Theoretical and kinetic analysis of anisole and cresol primary reactivity in pyrolysis and combustion

Anisole and ortho/para (o/p-) cresol are relevant oxygenated aromatic compounds representative of lignocellulosic biomass and potential octane boosters. Despite their significance, the existing literature fails to comprehensively interpret the fundamental aspects of their decomposition reactions. To bridge this gap, we employ high-level theoretical calculations to determine rate constants for key decomposition reactions of both C7H8O isomers and C7H7O resonance-stabilized radicals generated by bond-fission and abstraction reactions from C7H8O. The rate constant determined theoretically using Variable Reaction Coordinate Transition State Theory for the C6H5O + CH3 is in quantitative agreement with experimental data.
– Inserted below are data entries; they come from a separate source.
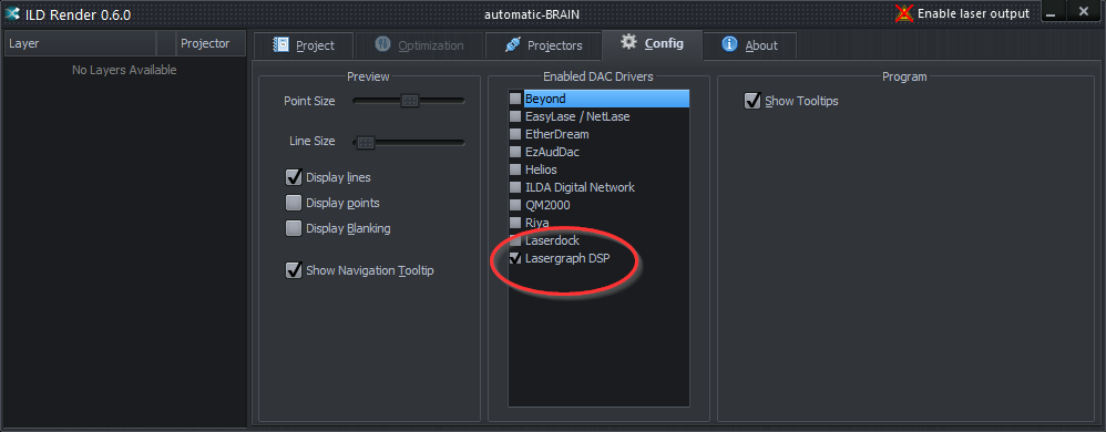 - To enable output to the Lasergraph DSP first enable the Lasergraph DSP driver in ILD Render and restart ILD render:
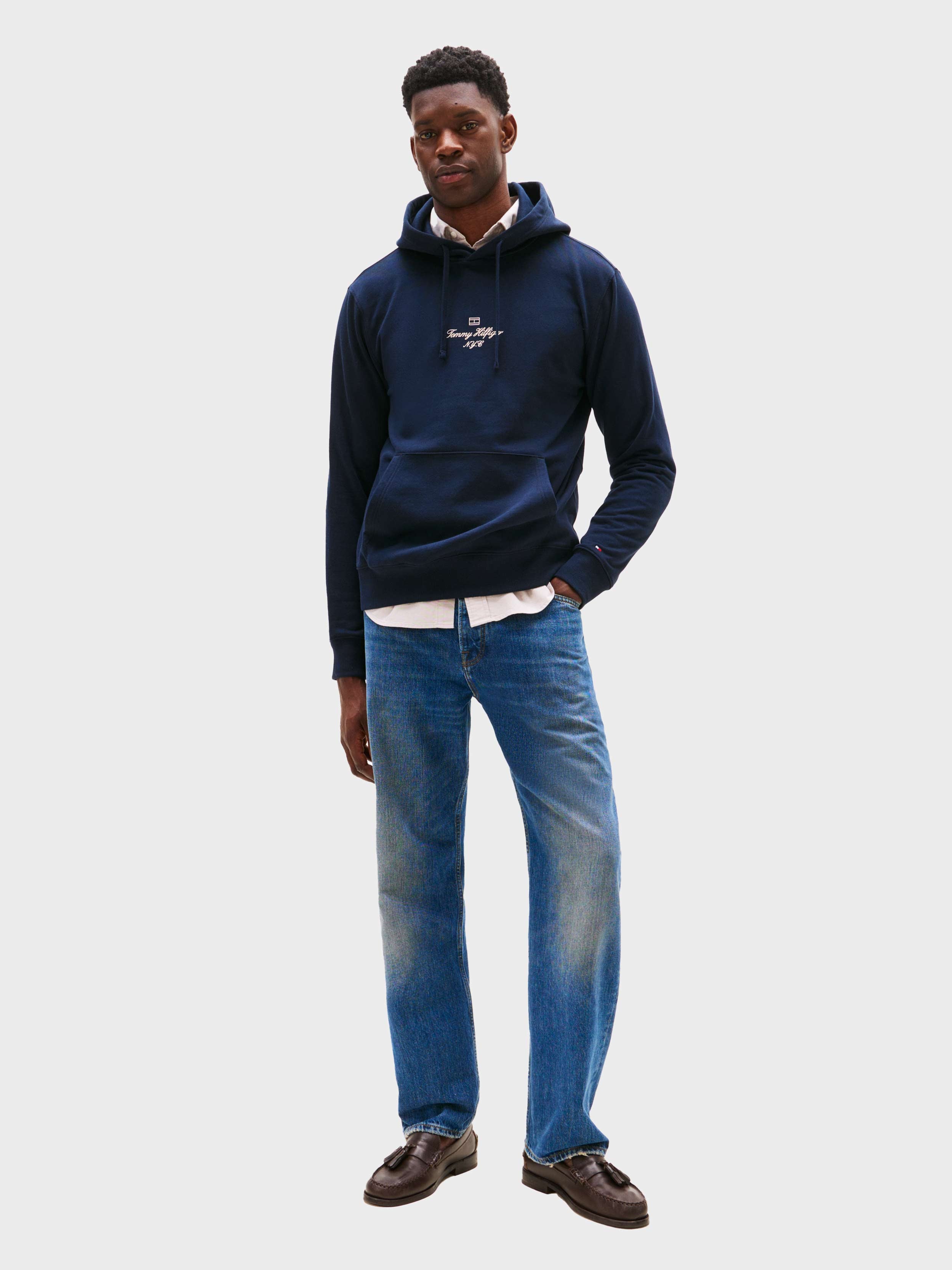 Tommy Hilfiger - OUTLINE FLAG SCRIPT HOODIE , S , Desert Sky , Style MW0MW39372
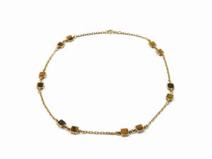 Collana in oro giallo e quarzi varietà occhio di tigre
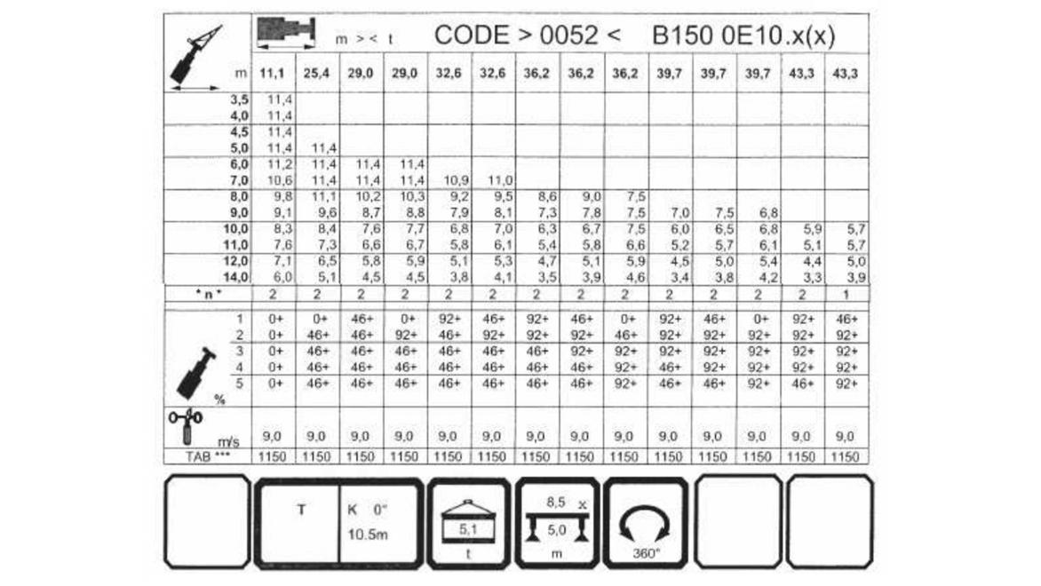 Maksymalna masa podnoszonego ładunku przy kącie β wynoszącym 65° nie może przekraczać:

In contrast to what is currently implemented in kinetic models, CH3 addition to the carbon sites of the aromatic ring is largely favored over anisole formation. Hence, large quantities of methyl-cyclohexadienones (MCHDs) form and stabilize at lower temperatures. Once formed, MCHDs can rapidly isomerize to cresols and eliminate CO. Cresols unimolecular decomposition was found to be slower than that of phenol, thus warning against rate rules adopted in kinetic models to estimate their reactivity. o/p-OC6H4CH3 are the main radicals produced and they decompose to C5H4CH3 + CO or to OC6H4CH2 + H. Notably, p-OC6H4CH3 exhibits faster H loss due to the higher stability of the product. Conversely, the ortho radical undergoes rapid interconversion with o-HOC6H4CH2 owing to the vicinal O and CH3 groups. Implementing the new theoretical calculations in the CRECK model, with appropriate automated lumping of o/p-MCHDs and o/p-C7H7O species, significantly impacts kinetic simulations of aromatics combustion, especially for anisole. Key findings include the substantial accumulation of MCHDs at lower temperatures and a larger fraction of ortho isomers, which suggests to reconsider lumping schemes for cresols adopted in the existing kinetic mechanisms. Finally, the underprediction of the high-temperature ignition of anisole, attributed to the insufficient consumption of cresols, advocates for a revision of their oxidation kinetics.